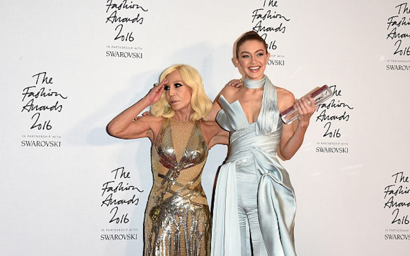 + Gigi Hadid went au naturel for the latest Versace campaign. The flashy spread features the supermodel in nothing but a pair of black stilettos, lounging on a canopy bed, with gold embroidered pillows surrounding her. Cozy girl swag.
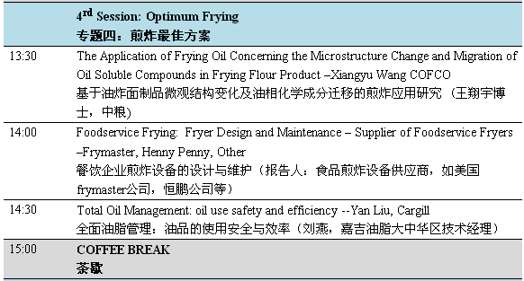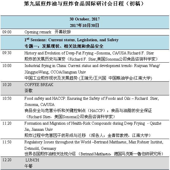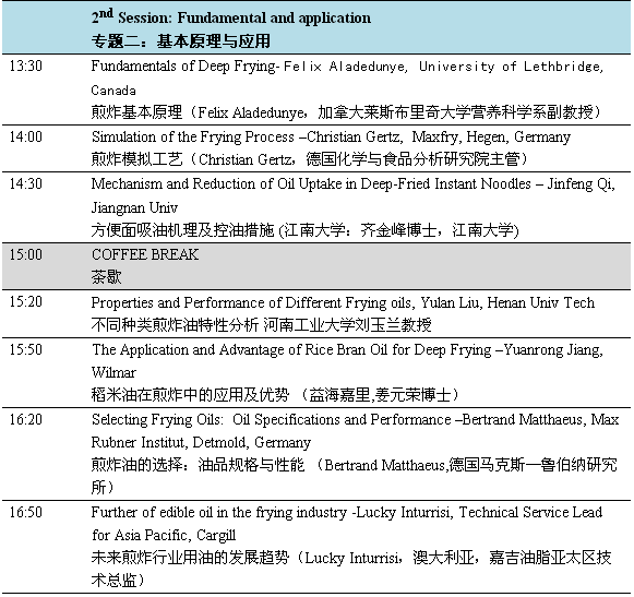 ? ? “煎炸油及煎(jian)炸食品研討會(hui)”是歐洲油(you)脂科技聯(lián)(lian)盟發(fā)起(qi)的品牌會(hui)議,每兩(liang)年舉辦一屆。前(qian)八屆會議在(zai)歐洲及北(bei)美洲舉(ju)辦,這是來到(dao)中國。
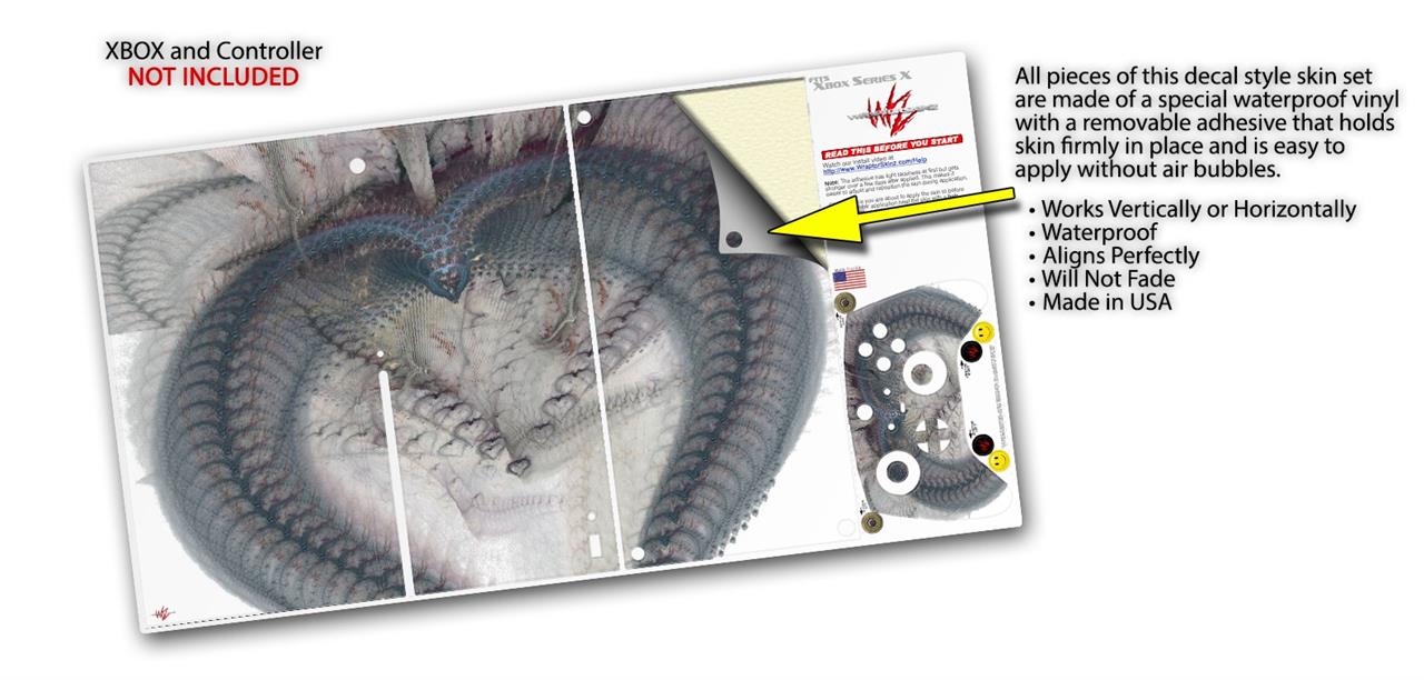 WraptorSkinz® skin wraps for the XBOX Series X gaming console and controller reelase November 2020 are printed using superb photo quality designs and vibrant colors printed with special fade resistant inks that last even in direct sun for years. WraptorSkinz are a composite of two layers of commercial grade materials. The bottom layer is a soft, flexible vinyl with a special removable adhesive that is easily positioned, applied without air bubbles. Next we print the bottom layer with UV protected, fade resistant inks that deliver superb photo quality designs in vibrant colors. Last, we bond a professional grade laminate over the entire skin adding a glossy protective finish. This product is not affiliated with or endorsed by Microsoft or the XBOX brand.
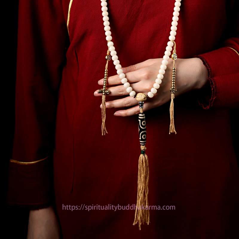 Embrace luck and positive energy with Spirituality Buddha Karma Tibet 108 Mala Beads Bodhi Seed Bagua Vajra Dzi Bead Gray Agate Wealth Bracelet. Experience the power of Bodhi Seed, Dzi beads, and Gray Agate for wealth, health, and blessings.
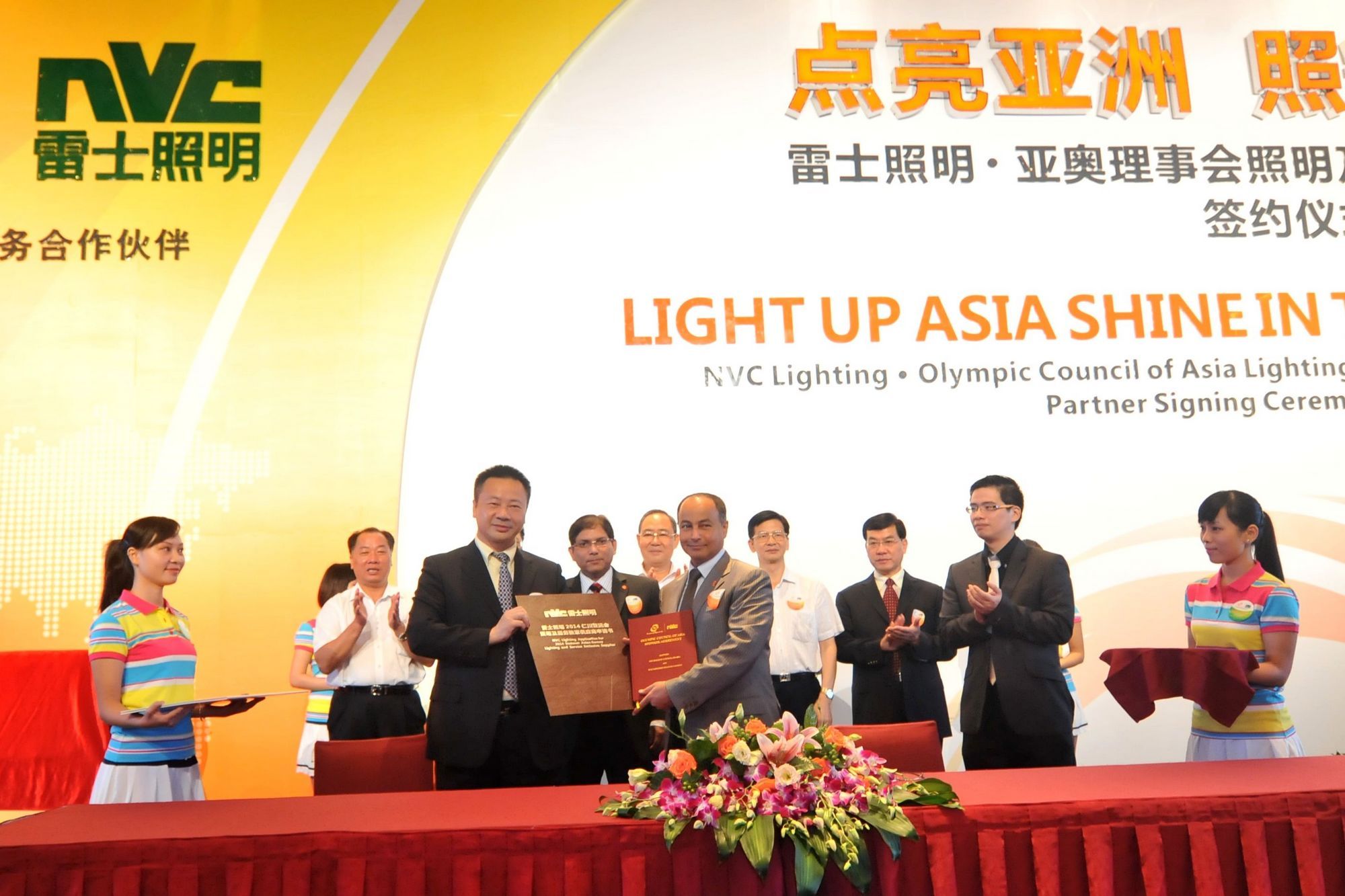 在與會者共同見證下,雷士照明董事長吳長江和亞奧理事會總干事侯賽因作為雙方代表現(xiàn)場簽字,雷士照明正式成為“亞奧理事會照明及服務(wù)合作伙伴”。隨后,在歡慶喜悅的氣氛中,雷士照明與亞奧理事會互贈了紀念禮品。

Work item:
Print the data above exactly, from its first line to the line bearing "Embrace luck and" inclusive, and keep pictures out of the result.

Answer below:
 + Gigi Hadid went au naturel for the latest Versace campaign. The flashy spread features the supermodel in nothing but a pair of black stilettos, lounging on a canopy bed, with gold embroidered pillows surrounding her. Cozy girl swag.
 ? ? “煎炸油及煎(jian)炸食品研討會(hui)”是歐洲油(you)脂科技聯(lián)(lian)盟發(fā)起(qi)的品牌會(hui)議,每兩(liang)年舉辦一屆。前(qian)八屆會議在(zai)歐洲及北(bei)美洲舉(ju)辦,這是來到(dao)中國。
 WraptorSkinz® skin wraps for the XBOX Series X gaming console and controller reelase November 2020 are printed using superb photo quality designs and vibrant colors printed with special fade resistant inks that last even in direct sun for years. WraptorSkinz are a composite of two layers of commercial grade materials. The bottom layer is a soft, flexible vinyl with a special removable adhesive that is easily positioned, applied without air bubbles. Next we print the bottom layer with UV protected, fade resistant inks that deliver superb photo quality designs in vibrant colors. Last, we bond a professional grade laminate over the entire skin adding a glossy protective finish. This product is not affiliated with or endorsed by Microsoft or the XBOX brand.
 Embrace luck and positive energy with Spirituality Buddha Karma Tibet 108 Mala Beads Bodhi Seed Bagua Vajra Dzi Bead Gray Agate Wealth Bracelet. Experience the power of Bodhi Seed, Dzi beads, and Gray Agate for wealth, health, and blessings.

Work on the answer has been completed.